Tuesday, February 2, 2016

More Aussie Open Lessons

Milos Raonic is officially back:  Raonic made his move into the top ten a couple of years ago, and appeared to be ready to rise even higher.  A foot injury in early 2015 ruined his momentum, and he never really got back on track the rest of the year.  He fell outside the top 10, and it looked like his career was suddenly heading in the wrong direction.  Now it appears his decline in 2015 was just a minor blip, and that he's serious about making a run toward the top 5.  Raonic was impressive on his way to the Australian Open semis, and who knows what would have happened if he didn't hurt his leg during his 5 set loss to Murray.  Raonic may not be the smoothest player around and has limited movement, but he's got serious weapons and seems committed to improving his all-around game.  If he can stay healthy, don't be surprised if Raonic finishes 2016 around 5 in the world.

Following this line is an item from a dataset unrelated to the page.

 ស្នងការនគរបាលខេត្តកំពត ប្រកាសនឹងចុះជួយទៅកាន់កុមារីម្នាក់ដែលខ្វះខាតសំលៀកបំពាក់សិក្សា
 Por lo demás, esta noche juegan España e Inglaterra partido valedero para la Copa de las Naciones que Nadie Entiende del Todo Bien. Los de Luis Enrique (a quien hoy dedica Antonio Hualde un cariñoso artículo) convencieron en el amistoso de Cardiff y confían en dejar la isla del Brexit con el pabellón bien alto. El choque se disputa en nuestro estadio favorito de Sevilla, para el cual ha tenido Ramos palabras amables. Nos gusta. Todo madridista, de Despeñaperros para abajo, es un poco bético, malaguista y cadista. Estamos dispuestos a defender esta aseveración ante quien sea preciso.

Ferrer isn't ready to go down quietly:  Every year it seems like Ferrer is going to take a step back.  His game is largely based on his incredible endurance, speed and footwork, and that gets harder and harder to sustain as a player gets into his thirties.  Ferrer was struggling heading into Australia, with losses in tune ups to Sock and Marchenko.  However, he was impressive in taking down Americans Steve Johnson and John Isner, before putting up a good fight against Murray in the quarters.  Ferrer's ranking will probably fall off a bit in 2016, but it looks like he's going to continue to give it everything he's got in the coming year.

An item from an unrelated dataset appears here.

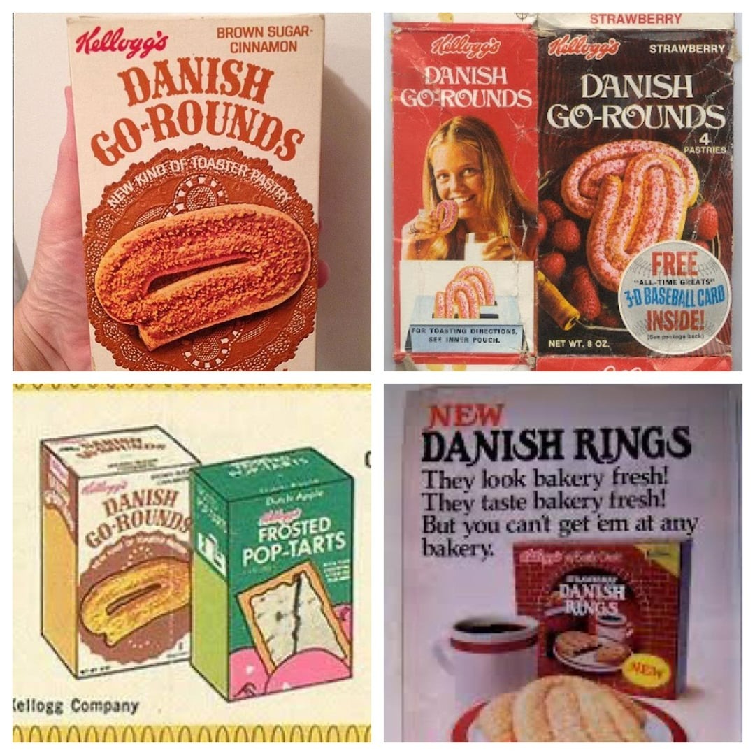 Kellogg’s launched Danish Go-Rounds in 1968, inspired by Pop Tarts and featuring a variety of fruit fillings encased in a circular pastry. Flavors included strawberry, blueberry, and cinnamon, and they were marketed as a fun alternative to traditional Danish pastries. However, the product struggled to gain popularity due to packaging issues that caused them to fall apart easily. In 1977, Danish Go-Rounds were discontinued and replaced by Danish Rings, which featured a new shape created by stamping the pastry instead of tucking the filling inside and coiling it.

There's not much separating the winners from the losers: Angelique Kerber had the tournament of her life.  She beat pre-tournament favorites Victoria Azarenka and Serena Williams, won her first grand slam title and rose to number 2 in the world.  Not a bad couple of weeks for the German.  But it could have been a completely different story for Kerber if a net cord or shank went against her when she was down match point to Misaki Doi of Japan in her first round match.  While the announcers did give this some attention during the finals, it really is remarkable.  She was one point away from being a first round loser, having to face continued questions about her record in majors, etc, and then she goes out and wins the whole tournament.  Regardless of where Kerber goes from here, she'll always have the label tennis pros want more than anything next to their name: grand slam champion.

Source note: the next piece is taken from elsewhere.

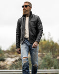 Crafted from 1.5mm semi-vegetable tanned cowhide leather, the Bonneville jacket is built to last. The sage green 100% cotton twill liner provides comfort and durability.

American men weren't ready to take the next step:  American men were confident heading into Australia, but left without much to show for it.  Isner and Johnson were mowed down by Ferrer, and neither put up much of a fight.  Meanwhile, Sock lost to Lukas Rosol in the second round.  Sock was sick heading into the tournament, but has to make some changes if he truly wants to become a top singles player who can challenge for grand slam titles.  In hindsight, maybe Sock shouldn't have played a tournament the week before the Australian Open.  (He probably should have played Brisbane and gotten some real matches under his belt two weeks in advance as opposed to the Hopman Cup exhibition).  His decision to continue to play doubles in grand slams also has to be questioned, as for the second straight grand slam he lost a match in which fatigue and/or illness was an issue.  His future is still extremely bright, but he may have to make some hard decisions going forward if he wants to improve his results in the biggest events.